_PROVIDED MATERIAL_.
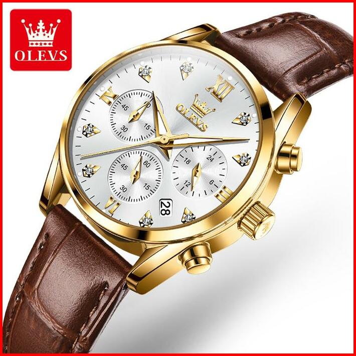 Olevs Jam Tangan Wanita Anti Air Anak Perempuan Kecil Original Kulit Korea Casual Putih Chrono Aktif Watch Women Hadiah
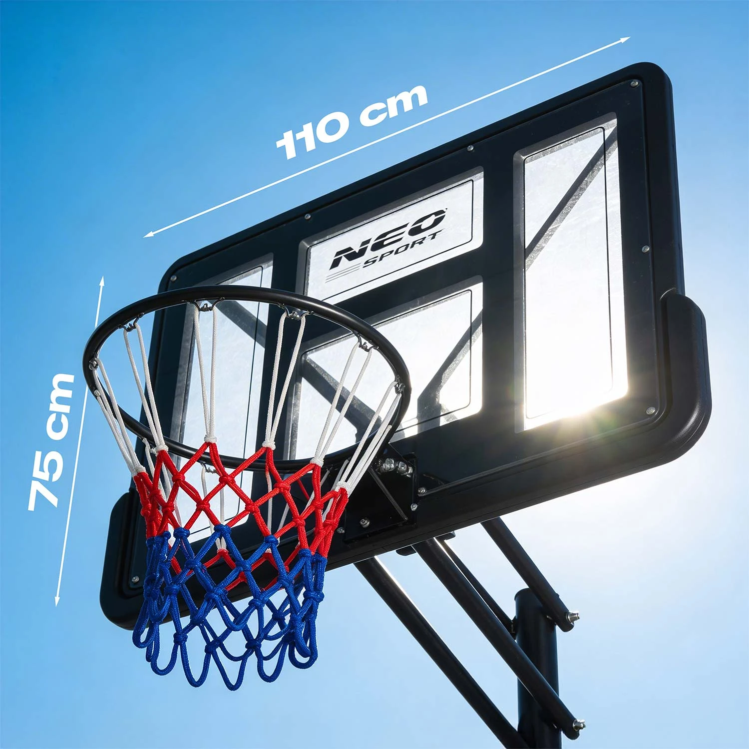 Złap za piłkę i rozkręć grę – gdzie chcesz, kiedy chcesz. Składany, mobilny kosz Neo-Sport to pełna wolność grania: od podwórka po parking.
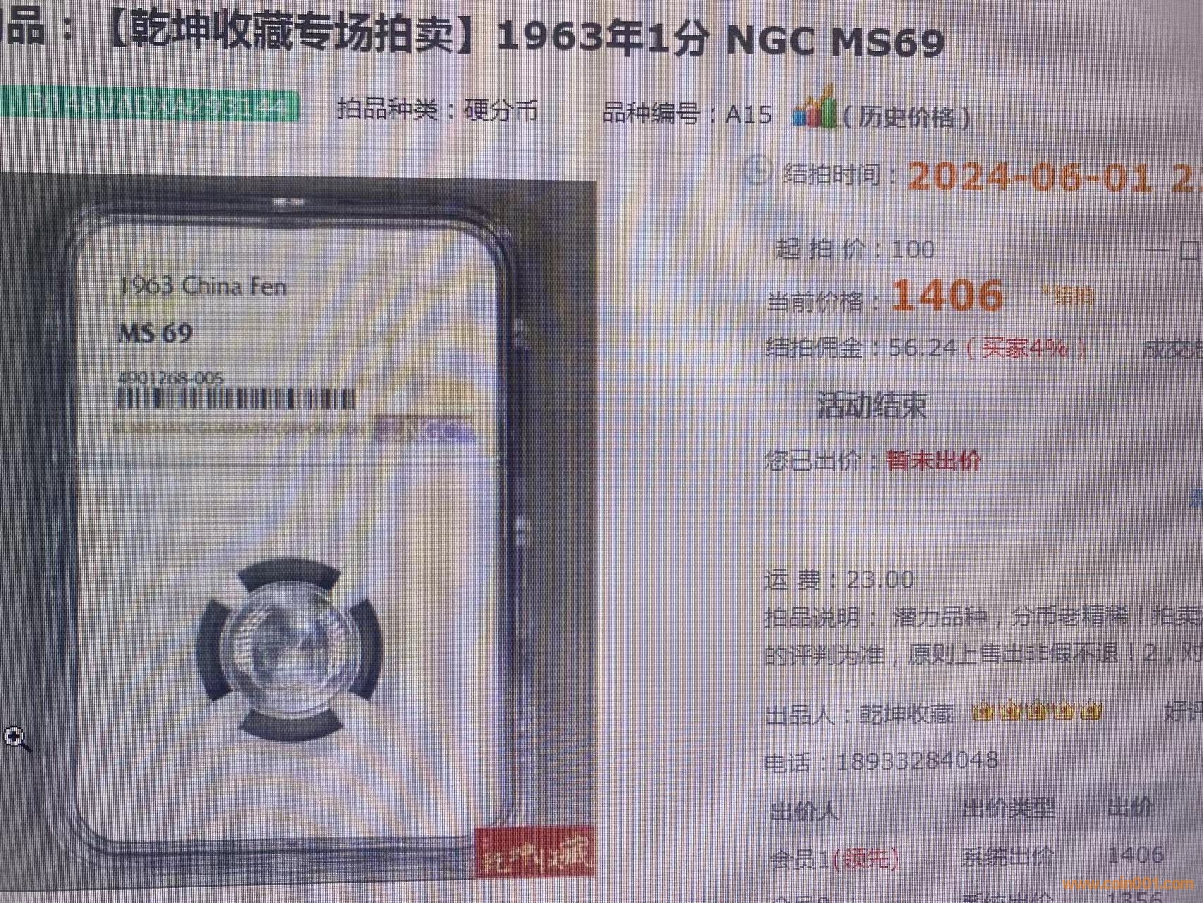 按拍賣價出讓一枚69分 ..

_WHAT THE TASK ASKS_. Print the entire listing precisely as written, omitting the images it holds.

_PROBLEM SOLUTION_.
 Olevs Jam Tangan Wanita Anti Air Anak Perempuan Kecil Original Kulit Korea Casual Putih Chrono Aktif Watch Women Hadiah
 Złap za piłkę i rozkręć grę – gdzie chcesz, kiedy chcesz. Składany, mobilny kosz Neo-Sport to pełna wolność grania: od podwórka po parking.
 按拍賣價出讓一枚69分 ..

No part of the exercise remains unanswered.